Cost = Area × Rate = 44 × 500 = ₹ 22,000.
35.
Solution:
LHS = (sin A + cosec A)² + (cos A + sec A)²
= sin²A + cosec²A + 2sinA.cosecA + cos²A + sec²A + 2cosA.secA
= (sin²A + cos²A) + cosec²A + sec²A + 2(1) + 2(1)

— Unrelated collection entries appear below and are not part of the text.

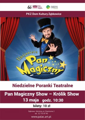 W PKZ Domu Kultury Ząbkowice na najmłodszych widzów czeka kolejny spektakl z cyklu Niedzielne Poranki Teatralne. Tym razem podczas interaktywnego spotkania pt. KRÓLIK SHOW na scenie wystąpi iluzjonista Pan Magiczny, który zabierze dzieciaki w elektryzującą podróż do świata NIESAMOWITOŚCI!
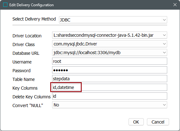 The appropriate delivery configuration for this scenario can be found below. Notice that both the 'id' and the 'datetime' column values are used as keys for the upsert action, meaning both values must match to determine whether to insert or update the object. When an exact match for both keys is found, the object is updated; when no match is found, the object is inserted.
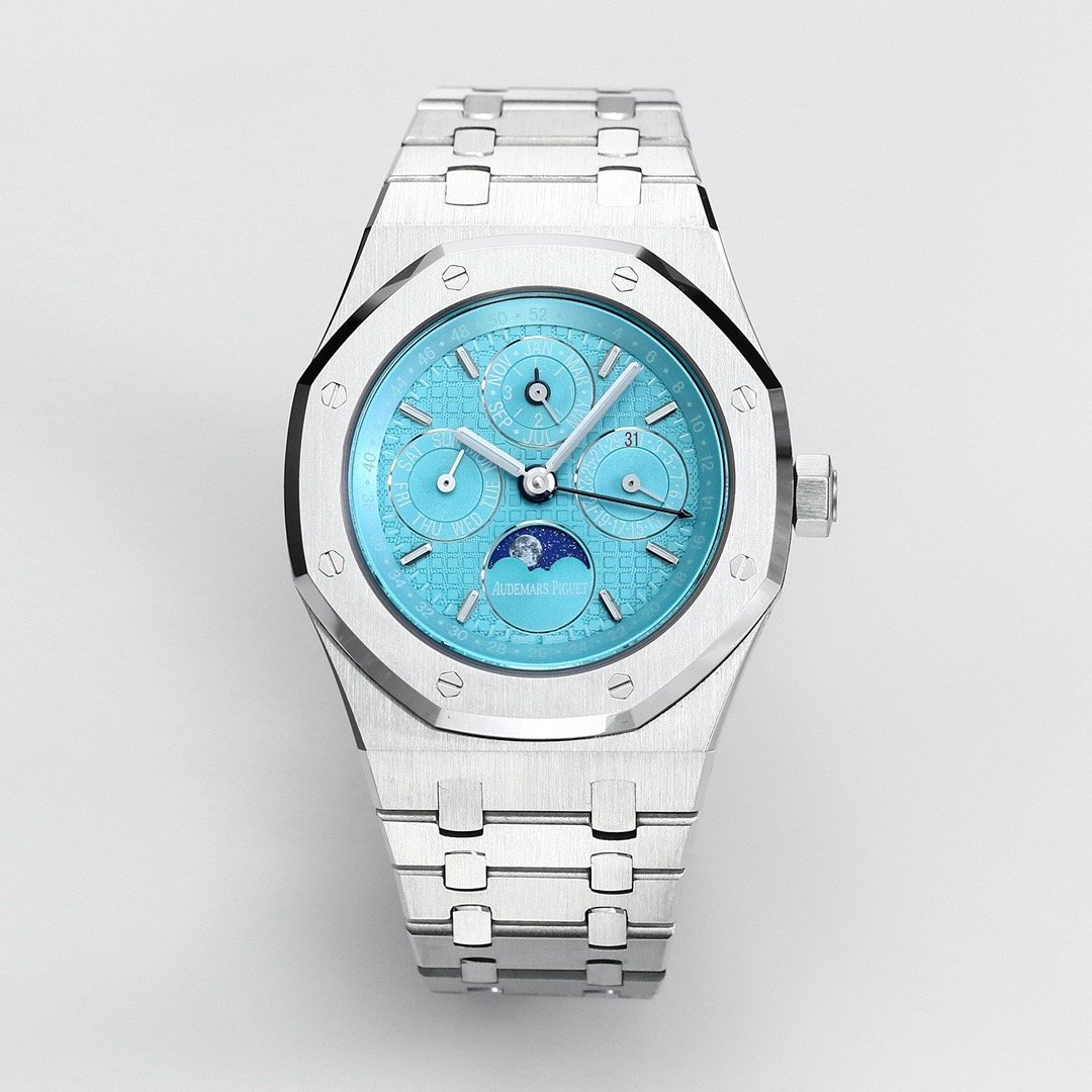 Discover the breathtaking BBR Royal Oak Series—an unrivaled complex perpetual calendar watch, model number 26574ST.OO.1220ST.03. This watch is not just a timepiece; it embodies sophistication and innovation. Designed for discerning individuals, its noble aesthetic and elegant blue plate perfectly reflect high technology woven into a classic design. The stainless steel case, with a thickness of just 11.4mm and a diameter of 41mm, ensures durability while exuding a sleek, modern look.

= 1 + (1 + cot²A) + (1 + tan²A) + 4
= 1 + 1 + cot²A + 1 + tan²A + 4
= 7 + tan² A + cot² A = RHS.
SECTION E (Solutions)
36.
Solution:
(i) The graph of a quadratic polynomial is a Parabola.
(ii) p(x) = x² - 2x - 8. Factorizing: (x - 4)(x + 2) = 0.
Zeroes are 4 and -2.
(iii) α = 4, β = -2.
α + β + αβ = (4 + (-2)) + (4 × -2)
= 2 + (-8) = -6.
37.
Solution:
(i) Yes, the triangles are similar by AA Similarity criterion (Angle of elevation of sun is same at same time, and both stand vertical at 90°).
(ii) Ratio of corresponding sides: Height1/Height2 = Shadow1/Shadow2.
(iii) Let height of tower be h.
6 / h = 4 / 28
h = (6 × 28) / 4 = 6 × 7 = 42 m.
38.
Solution:
Diameter = 2.8 cm ⇒ Radius r = 1.4 cm.
Total length = 5 cm. Length of cylinder part (h) = 5 - (1.4 + 1.4) = 2.2 cm.
(i) Volume of Cylinder = πr²h = (22/7) × (1.4)² × 2.2 = 13.55 cm³.
(ii) Volume of 2 hemispheres = 2 × (2/3)πr³ = (4/3) × (22/7) × (1.4)³ = 11.50 cm³.
(iii) Total volume of 1 Gulab Jamun = 13.55 + 11.50 = 25.05 cm³.
Volume of 45 Gulab Jamuns = 45 × 25.05 = 1127.25 cm³.
Volume of Syrup = 30% of 1127.25 = 0.30 × 1127.25 ≈ 338 cm³.